== Data items ==
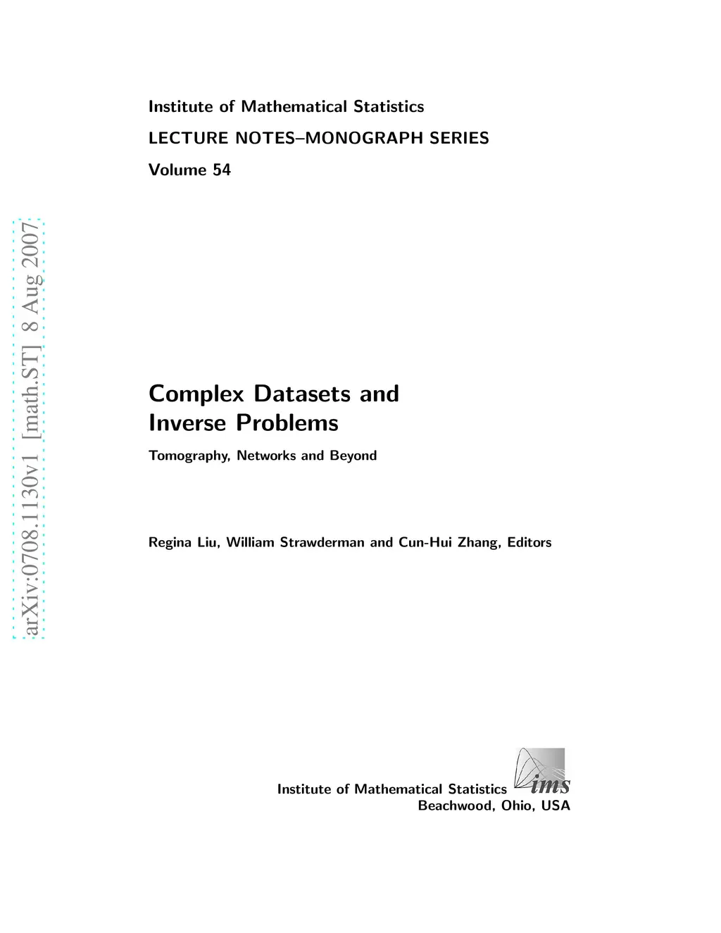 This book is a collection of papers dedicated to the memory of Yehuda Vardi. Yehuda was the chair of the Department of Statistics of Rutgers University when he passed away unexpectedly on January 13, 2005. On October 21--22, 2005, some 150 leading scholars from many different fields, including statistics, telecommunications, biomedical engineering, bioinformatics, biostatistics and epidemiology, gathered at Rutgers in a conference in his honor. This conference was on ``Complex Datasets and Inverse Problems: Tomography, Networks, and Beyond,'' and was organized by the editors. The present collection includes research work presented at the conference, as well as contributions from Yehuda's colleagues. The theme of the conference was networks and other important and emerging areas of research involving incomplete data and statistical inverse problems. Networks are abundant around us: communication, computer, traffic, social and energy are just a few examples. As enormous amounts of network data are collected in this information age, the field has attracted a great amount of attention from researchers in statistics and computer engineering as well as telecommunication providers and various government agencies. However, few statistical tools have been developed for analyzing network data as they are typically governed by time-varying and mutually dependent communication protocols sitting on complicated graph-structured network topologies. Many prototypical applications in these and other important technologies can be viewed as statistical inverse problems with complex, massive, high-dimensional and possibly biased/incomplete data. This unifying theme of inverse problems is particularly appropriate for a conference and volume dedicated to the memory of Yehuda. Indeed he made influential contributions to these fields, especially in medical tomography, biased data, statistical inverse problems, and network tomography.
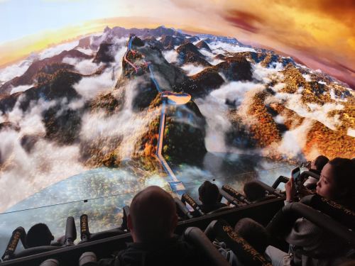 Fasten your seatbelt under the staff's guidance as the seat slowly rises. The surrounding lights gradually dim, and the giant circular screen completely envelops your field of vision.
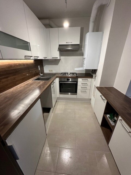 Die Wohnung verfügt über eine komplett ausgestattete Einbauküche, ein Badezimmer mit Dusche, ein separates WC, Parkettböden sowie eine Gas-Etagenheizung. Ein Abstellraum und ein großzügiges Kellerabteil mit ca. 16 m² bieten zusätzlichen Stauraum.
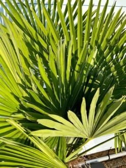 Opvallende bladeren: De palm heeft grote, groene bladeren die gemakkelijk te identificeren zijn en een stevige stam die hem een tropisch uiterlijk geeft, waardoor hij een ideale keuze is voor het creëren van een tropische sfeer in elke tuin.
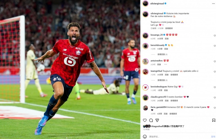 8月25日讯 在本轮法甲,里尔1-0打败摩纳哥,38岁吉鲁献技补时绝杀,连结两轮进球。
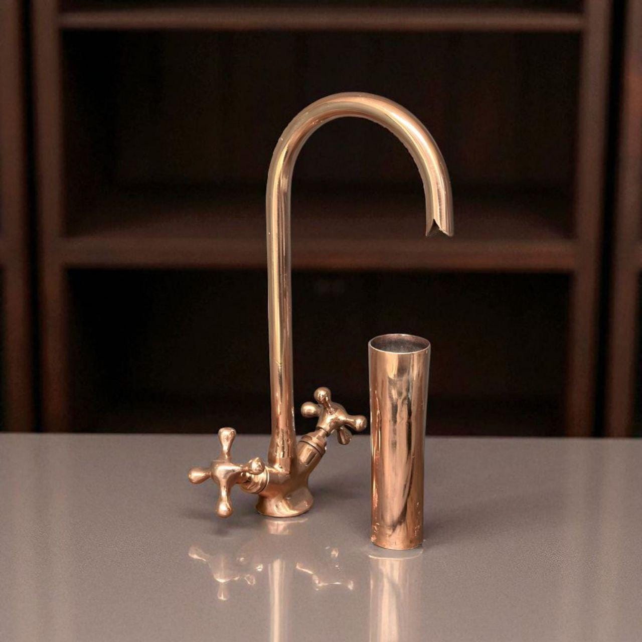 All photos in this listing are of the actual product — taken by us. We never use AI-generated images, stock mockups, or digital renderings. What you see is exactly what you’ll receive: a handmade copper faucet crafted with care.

== Task ==
Without the pictures, extract every entry verbatim.

== Result of this task ==
 This book is a collection of papers dedicated to the memory of Yehuda Vardi. Yehuda was the chair of the Department of Statistics of Rutgers University when he passed away unexpectedly on January 13, 2005. On October 21--22, 2005, some 150 leading scholars from many different fields, including statistics, telecommunications, biomedical engineering, bioinformatics, biostatistics and epidemiology, gathered at Rutgers in a conference in his honor. This conference was on ``Complex Datasets and Inverse Problems: Tomography, Networks, and Beyond,'' and was organized by the editors. The present collection includes research work presented at the conference, as well as contributions from Yehuda's colleagues. The theme of the conference was networks and other important and emerging areas of research involving incomplete data and statistical inverse problems. Networks are abundant around us: communication, computer, traffic, social and energy are just a few examples. As enormous amounts of network data are collected in this information age, the field has attracted a great amount of attention from researchers in statistics and computer engineering as well as telecommunication providers and various government agencies. However, few statistical tools have been developed for analyzing network data as they are typically governed by time-varying and mutually dependent communication protocols sitting on complicated graph-structured network topologies. Many prototypical applications in these and other important technologies can be viewed as statistical inverse problems with complex, massive, high-dimensional and possibly biased/incomplete data. This unifying theme of inverse problems is particularly appropriate for a conference and volume dedicated to the memory of Yehuda. Indeed he made influential contributions to these fields, especially in medical tomography, biased data, statistical inverse problems, and network tomography.
 Fasten your seatbelt under the staff's guidance as the seat slowly rises. The surrounding lights gradually dim, and the giant circular screen completely envelops your field of vision.
 Die Wohnung verfügt über eine komplett ausgestattete Einbauküche, ein Badezimmer mit Dusche, ein separates WC, Parkettböden sowie eine Gas-Etagenheizung. Ein Abstellraum und ein großzügiges Kellerabteil mit ca. 16 m² bieten zusätzlichen Stauraum.
 Opvallende bladeren: De palm heeft grote, groene bladeren die gemakkelijk te identificeren zijn en een stevige stam die hem een tropisch uiterlijk geeft, waardoor hij een ideale keuze is voor het creëren van een tropische sfeer in elke tuin.
 8月25日讯 在本轮法甲,里尔1-0打败摩纳哥,38岁吉鲁献技补时绝杀,连结两轮进球。
 All photos in this listing are of the actual product — taken by us. We never use AI-generated images, stock mockups, or digital renderings. What you see is exactly what you’ll receive: a handmade copper faucet crafted with care.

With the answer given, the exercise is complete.